Find the optimal change-points using the Poisson loss and the PeakSeg constraint. For N data points, the functional pruning algorithm is O(N log N) time and memory. It recovers the exact solution to the following optimization problem. Let Z be an N-vector of count data (count.vec, non-negative integers), let W be an N-vector of positive weights (weight.vec), and let penalty
be a non-negative real number. Find the N-vector M of real numbers (segment means) and (N-1)-vector C of change-point indicators in -1,0,1 which minimize the penalized Poisson Loss, penaltysum_[i=1]^[N_1] I(c_i=1) + sum_[i=1]^N w_i[m_i-z_i*log(m_i)], subject to constraints: (1) the first change is up and the next change is down, etc (sum_[i=1]^t c_i in 0,1 for all t<N-1), and (2) the last change is down 0=sum_[i=1]^[N-1] c_i, and (3) Every zero-valued change-point variable has an equal segment mean after: c_i=0 implies m_i=m_[i+1], (4) every positive-valued change-point variable may have an up change after: c_i=1 implies m_i<=m_[i+1], (5) every negative-valued change-point variable may have a down change after: c_i=-1 implies m_i>=m_[i+1]. Note that when the equality constraints are active for non-zero change-point variables, the recovered model is not feasible for the strict inequality constraints of the PeakSeg problem, and the optimum of the PeakSeg problem is undefined.

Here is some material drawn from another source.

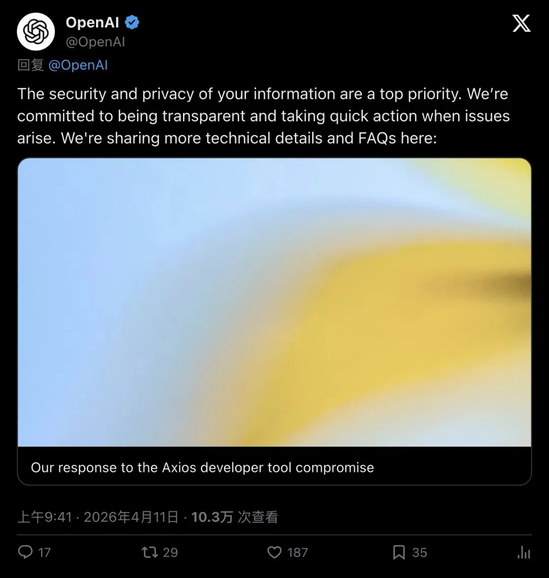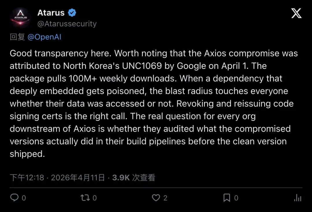 OpenAI(X):https://x.com/OpenAI/status/2042780052669239782 OpenAI(技术说明/FAQ):https://openai.com/index/axios-developer-tool-compromise/ Google Threat Intelligence Group(GTIG):https://cloud.google.com/blog/topics/threat-intelligence/north-korea-threat-actor-targets-axios-npm-package npm axios 页面:https://www.npmjs.com/package/axios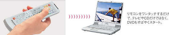 電源オフ状態から、リモコンか本体のボタンをワンタッチするだけで、Windows(R)を起動せずにテレビやDVD、CDをすばやくスタート※1。音量の設定やチャンネルの変更、DVDやCDの操作がリモコンでできるので、AV機器感覚で楽しめます。 |

count.vec: integer vector of length >= 3: non-negative count data to segment.
weight.vec: numeric vector (same length as count.vec) of positive weights.
penalty: non-negative numeric scalar: penalty parameter (smaller for more peaks, larger for fewer peaks).
Returns
List of model parameters. count.vec, weight.vec, n.data, penalty
(input parameters), cost.mat (optimal Poisson loss), ends.vec (optimal position of segment ends, 1-indexed), mean.vec (optimal segment means), intervals.mat (number of intervals stored by the functional pruning algorithm). To recover the solution in terms of (M,C) variables, see the example.